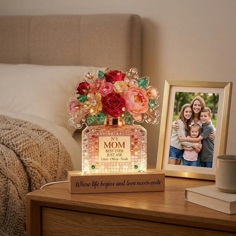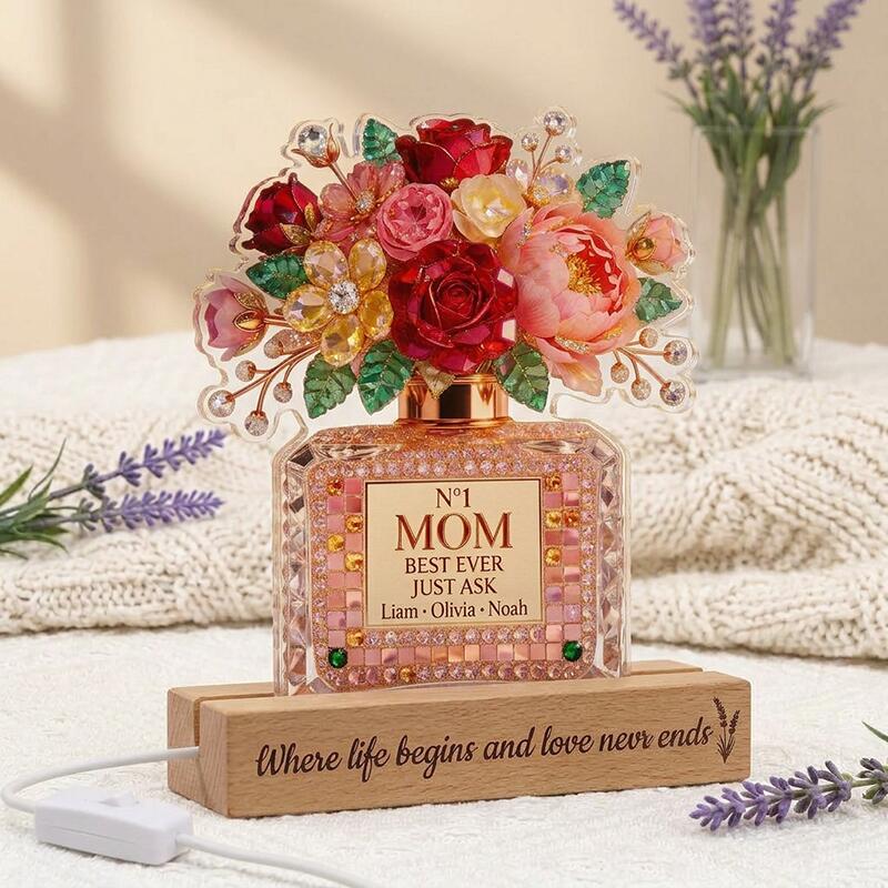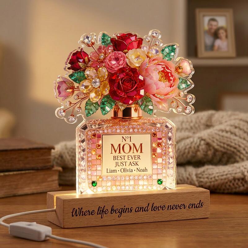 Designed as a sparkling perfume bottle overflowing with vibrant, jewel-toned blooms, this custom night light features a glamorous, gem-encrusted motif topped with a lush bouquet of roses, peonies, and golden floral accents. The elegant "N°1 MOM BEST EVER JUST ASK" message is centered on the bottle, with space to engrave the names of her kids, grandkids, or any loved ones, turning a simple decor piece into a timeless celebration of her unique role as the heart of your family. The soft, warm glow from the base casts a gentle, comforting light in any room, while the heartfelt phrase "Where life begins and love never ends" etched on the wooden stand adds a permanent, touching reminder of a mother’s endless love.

----------------

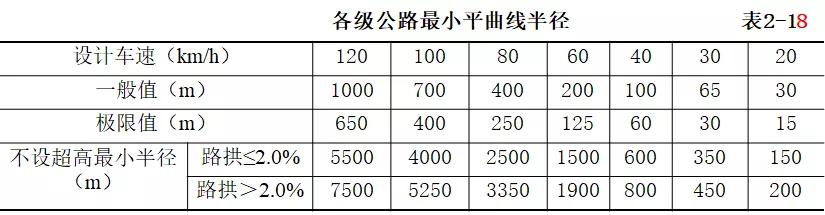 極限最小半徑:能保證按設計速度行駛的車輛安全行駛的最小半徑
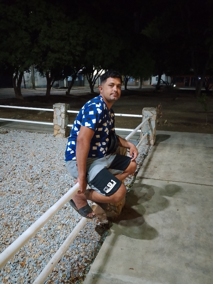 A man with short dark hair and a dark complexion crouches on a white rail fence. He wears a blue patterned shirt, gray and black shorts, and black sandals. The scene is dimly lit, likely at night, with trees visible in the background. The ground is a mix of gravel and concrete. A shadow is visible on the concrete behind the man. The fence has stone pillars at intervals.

----------------

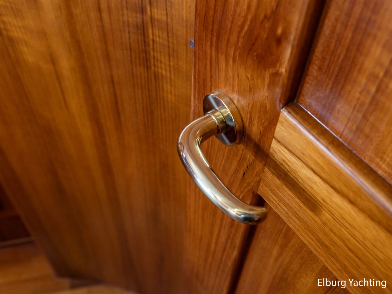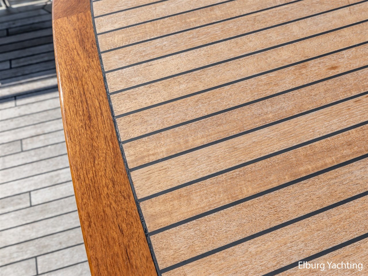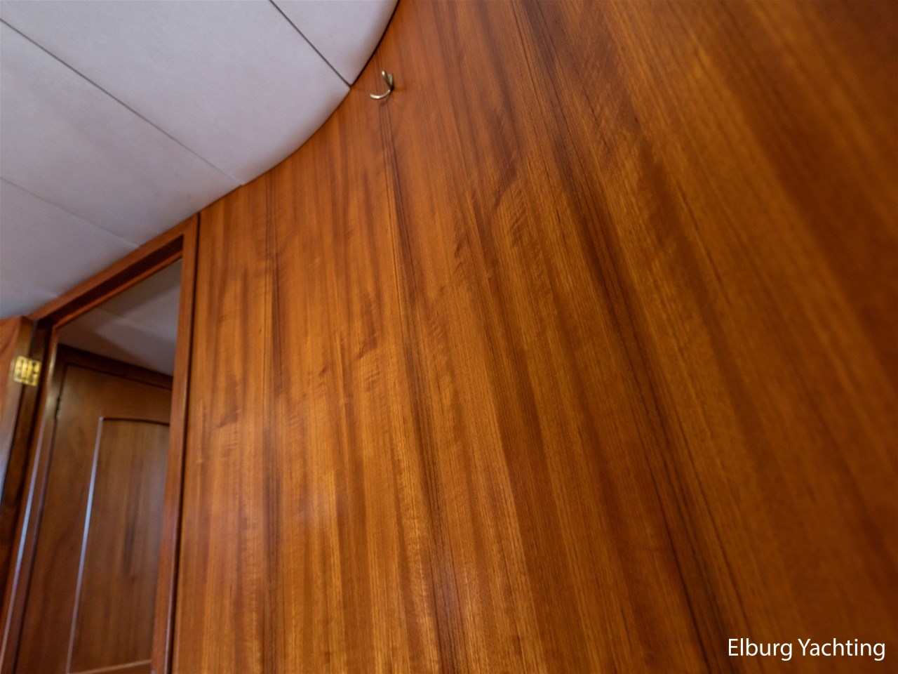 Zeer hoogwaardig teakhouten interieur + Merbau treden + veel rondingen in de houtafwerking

----------------

▶ **REQUIRED WORK**: Output exactly the stretch of the listing that begins at the line containing "極限最小半徑:能保證按設計速度行駛的車輛安全行駛的最小半徑" and ends at the line containing "A man with short", both kept. Omit pictures and everything else.

▶ **SOLUTION FOR THIS TASK**:
 極限最小半徑:能保證按設計速度行駛的車輛安全行駛的最小半徑
 A man with short dark hair and a dark complexion crouches on a white rail fence. He wears a blue patterned shirt, gray and black shorts, and black sandals. The scene is dimly lit, likely at night, with trees visible in the background. The ground is a mix of gravel and concrete. A shadow is visible on the concrete behind the man. The fence has stone pillars at intervals.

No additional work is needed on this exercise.